Note that these symmetries apply to the “logical” array being transformed; there are no constraints on your physical input data. So, for example, if you specify a size-5 REDFT00 (DCT-I) of the data abcde, it corresponds to the DFT of the logical even array abcdedcb of size 8. A size-4 REDFT10 (DCT-II) of the data abcd corresponds to the size-8 logical DFT of the even array abcddcba, shifted by half a sample.

All of these transforms are invertible. The inverse of R*DFT00 is R*DFT00; of R*DFT10 is R*DFT01 and vice versa (these are often called simply “the” DCT and IDCT, respectively); and of R*DFT11 is R*DFT11. However, the transforms computed by FFTW are unnormalized, exactly like the corresponding real and complex DFTs, so computing a transform followed by its inverse yields the original array scaled by N, where N is the logical DFT size. For REDFT00, N=2(n-1); for RODFT00, N=2(n+1); otherwise, N=2n.

Note that the boundary conditions of the transform output array are given by the input boundary conditions of the inverse transform. Thus, the above transforms are all inequivalent in terms of input/output boundary conditions, even neglecting the 0.5 shift difference.

FFTW is most efficient when N is a product of small factors; note that this differs from the factorization of the physical size n for REDFT00 and RODFT00! There is another oddity: n=1 REDFT00 transforms correspond to N=0, and so are not defined (the planner will return NULL). Otherwise, any positive n is supported.
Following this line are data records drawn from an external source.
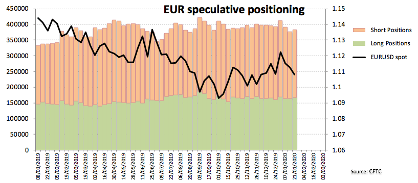 "Dollar speculative buying remains subdued in general, although EUR/USD net positioning appears to be stuck in a tight range again as low appetite for the common currency prevents it from taking advantage of USD selling. It must be noted that the data does not cover the European Central Bank meeting on Thursday 23 January, which triggered a drop in the pair."
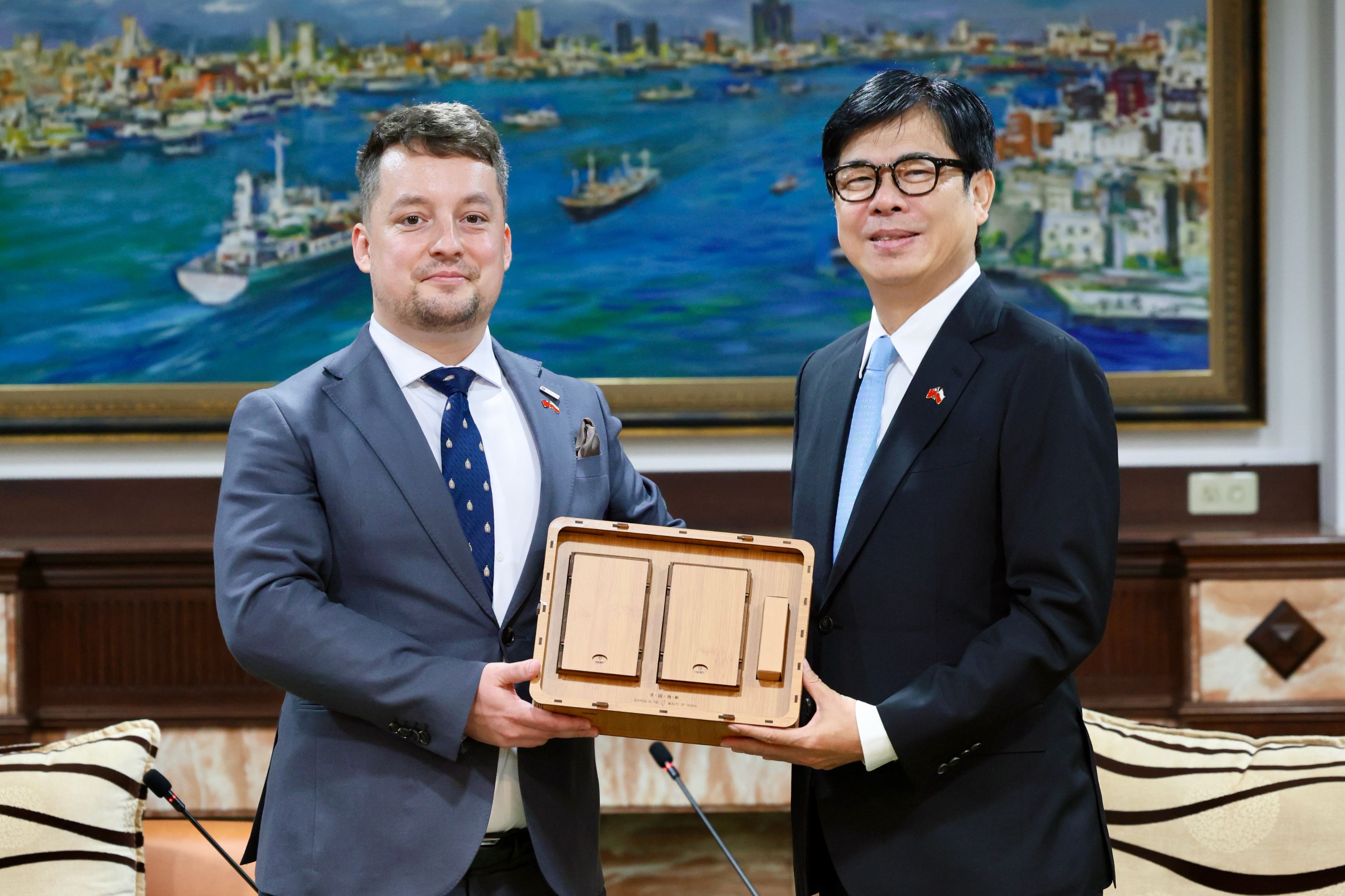 陳其邁表示,台灣與波蘭雖相距遙遠,但共享自由、民主等普世價值,相似的歷史經驗也讓雙方人民更能彼此理解與支持。面對複雜多變的國際情勢,雙方更應攜手合作,共同促進區域穩定與發展。在經貿方面,波蘭為台灣在歐盟的重要貿易夥伴,近年雙邊在半導體、人工智慧、無人機及氫能等領域建立多項合作機制,顯示高雄與波蘭具高度合作潛力,期盼在畢爾斯基處長協助下,促成更多合作成果。
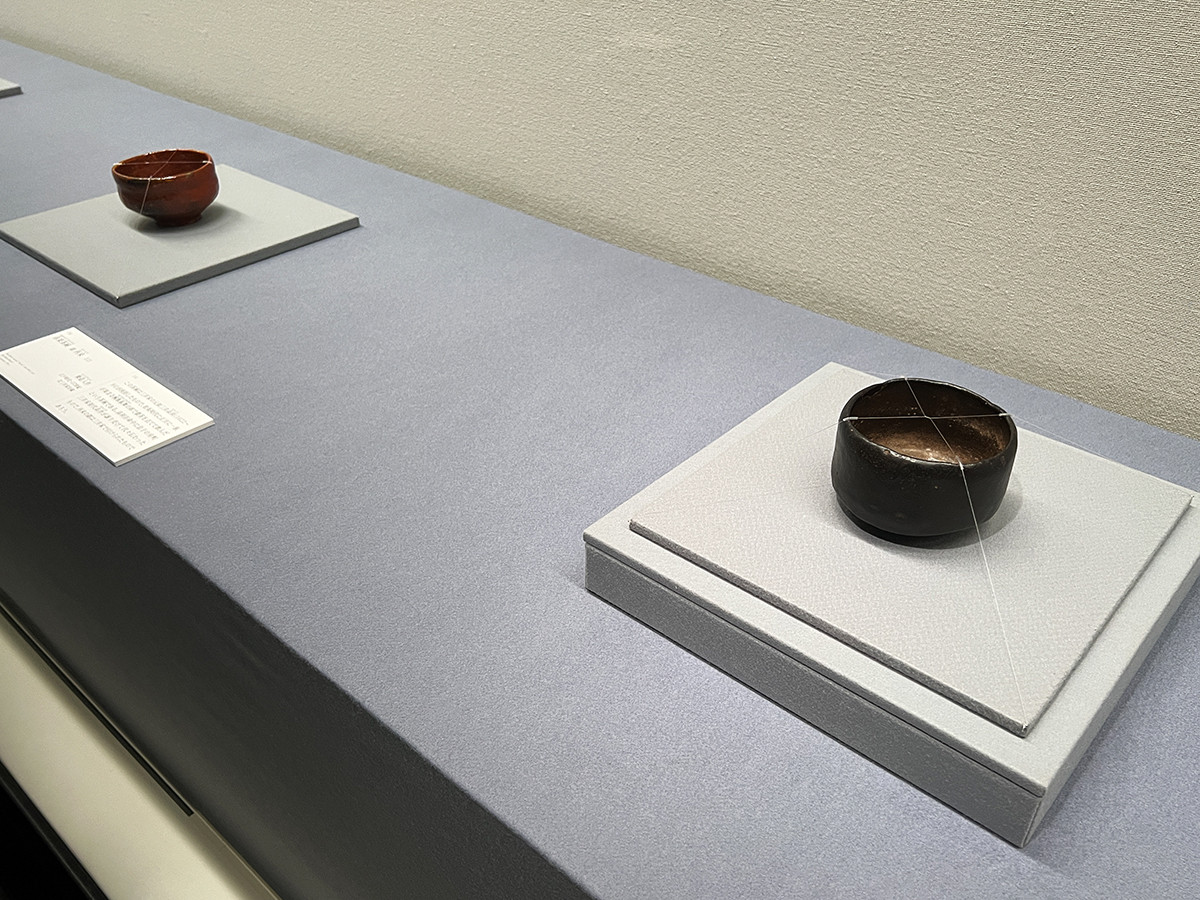 (左奥から)《赤楽茶碗 銘再来》樂道入 江戸時代 17世紀 北三井家 / 重要文化財《黒楽茶碗 銘俊寛》長次郎 桃山時代 16世紀 室町三井家[展示期間:7/9~8/7]
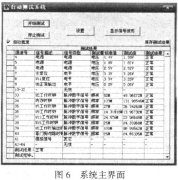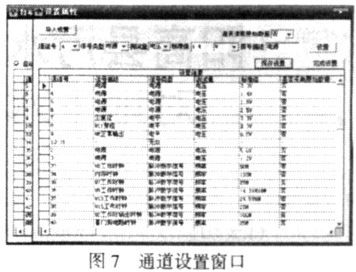 設(shè)置窗口見圖7,本窗口中可以設(shè)置每一路信號的屬性,也可以直接調(diào)出以前保存的設(shè)置,設(shè)置完成后即可按該設(shè)置進行測試。設(shè)置完成后,可以將本次的設(shè)置保存成文件,以便下次直接調(diào)出。
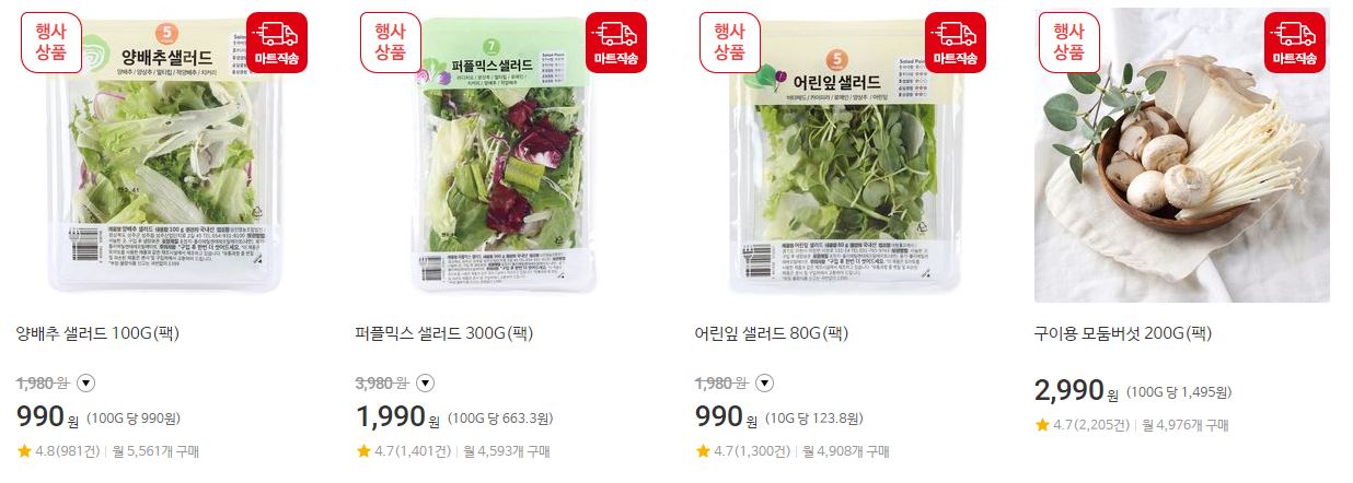 할인 품목 : 킹크랩, 소고기, 과일 등
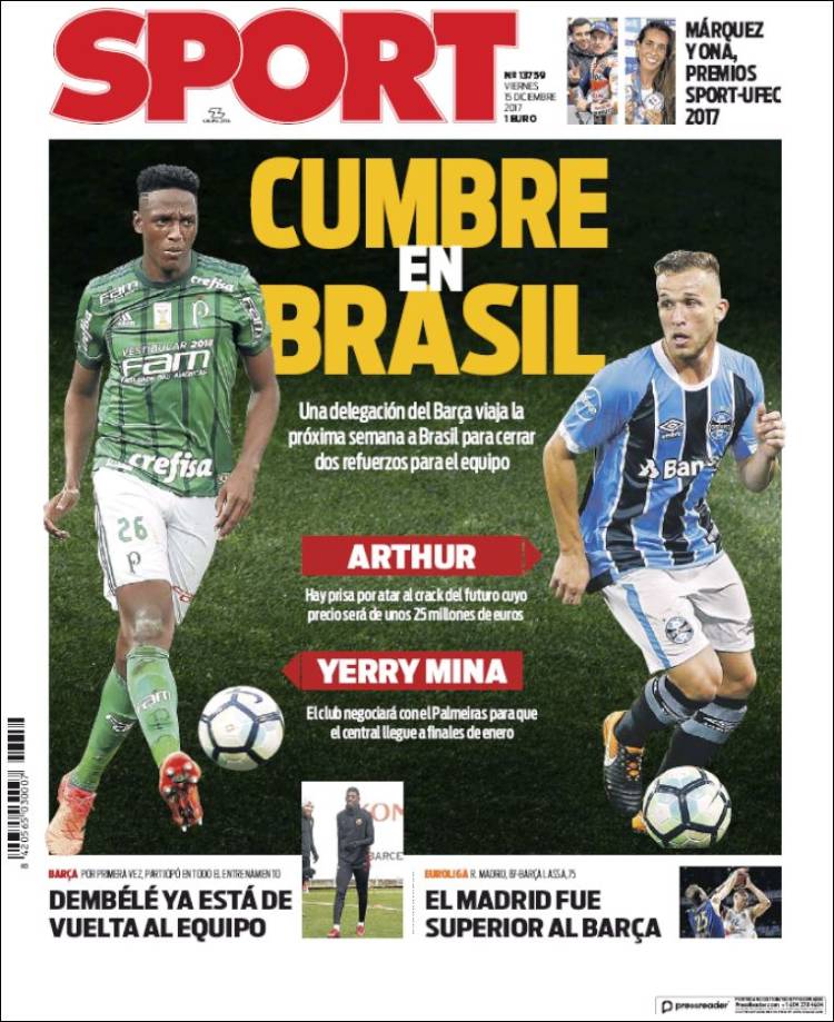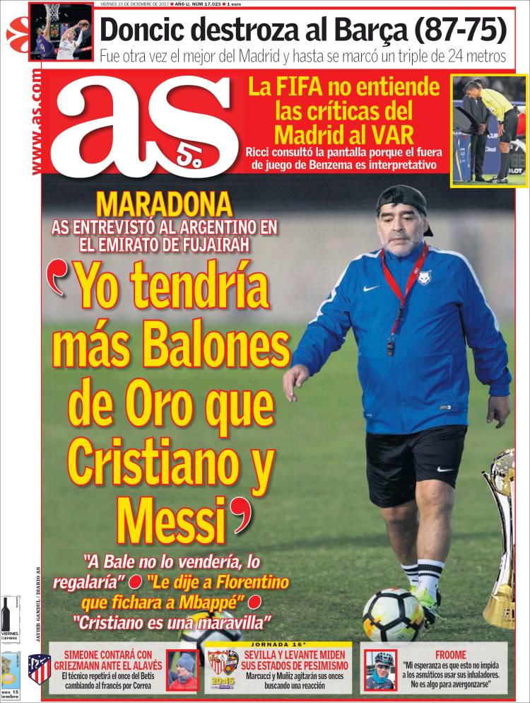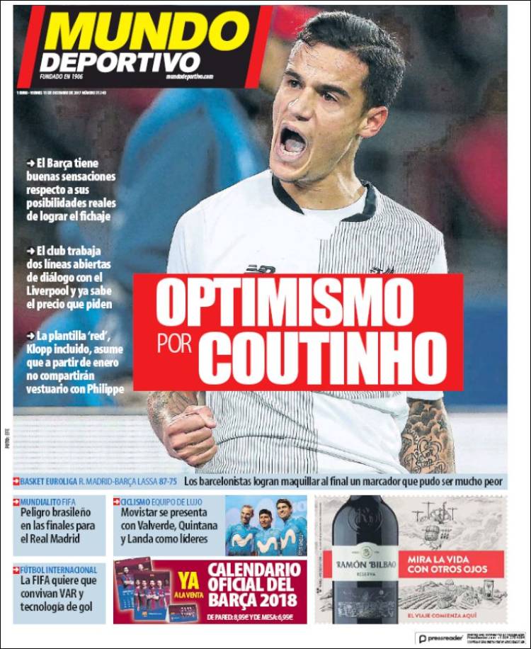 Os dejamos con el resto de portadas del día. El Madrid, por cierto, también está en Abu Dhabi, y se prepara para volver a ser Campeón del Mundo.

For the precise mathematical definitions of these transforms as used by FFTW, see What FFTW Really Computes. (For people accustomed to the DCT/DST, FFTW’s definitions have a coefficient of 2 in front of the cos/sin functions so that they correspond precisely to an even/odd DFT of size N. Some authors also include additional multiplicative factors of √2 for selected inputs and outputs; this makes the transform orthogonal, but sacrifices the direct equivalence to a symmetric DFT.)

Which type do you need? ¶

Since the required flavor of even/odd DFT depends upon your problem, you are the best judge of this choice, but we can make a few comments on relative efficiency to help you in your selection. In particular, R*DFT01 and R*DFT10 tend to be slightly faster than R*DFT11 (especially for odd sizes), while the R*DFT00 transforms are sometimes significantly slower (especially for even sizes).⁴

Thus, if only the boundary conditions on the transform inputs are specified, we generally recommend R*DFT10 over R*DFT00 and R*DFT01 over R*DFT11 (unless the half-sample shift or the self-inverse property is significant for your problem).

If performance is important to you and you are using only small sizes (say n<200), e.g. for multi-dimensional transforms, then you might consider generating hard-coded transforms of those sizes and types that you are interested in (see Generating your own code).

We are interested in hearing what types of symmetric transforms you find most useful.

Footnotes

(3)

There are also type V-VIII transforms, which correspond to a logical DFT of odd size N, independent of whether the physical size n is odd, but we do not support these variants.

(4)

R*DFT00 is sometimes slower in FFTW because we discovered that the standard algorithm for computing this by a pre/post-processed real DFT—the algorithm used in FFTPACK, Numerical Recipes, and other sources for decades now—has serious numerical problems: it already loses several decimal places of accuracy for 16k sizes. There seem to be only two alternatives in the literature that do not suffer similarly: a recursive decomposition into smaller DCTs, which would require a large set of codelets for efficiency and generality, or sacrificing a factor of 2 in speed to use a real DFT of twice the size. We currently employ the latter technique for general n, as well as a limited form of the former method: a split-radix decomposition when n is odd (N a multiple of 4). For N containing many factors of 2, the split-radix method seems to recover most of the speed of the standard algorithm without the accuracy tradeoff.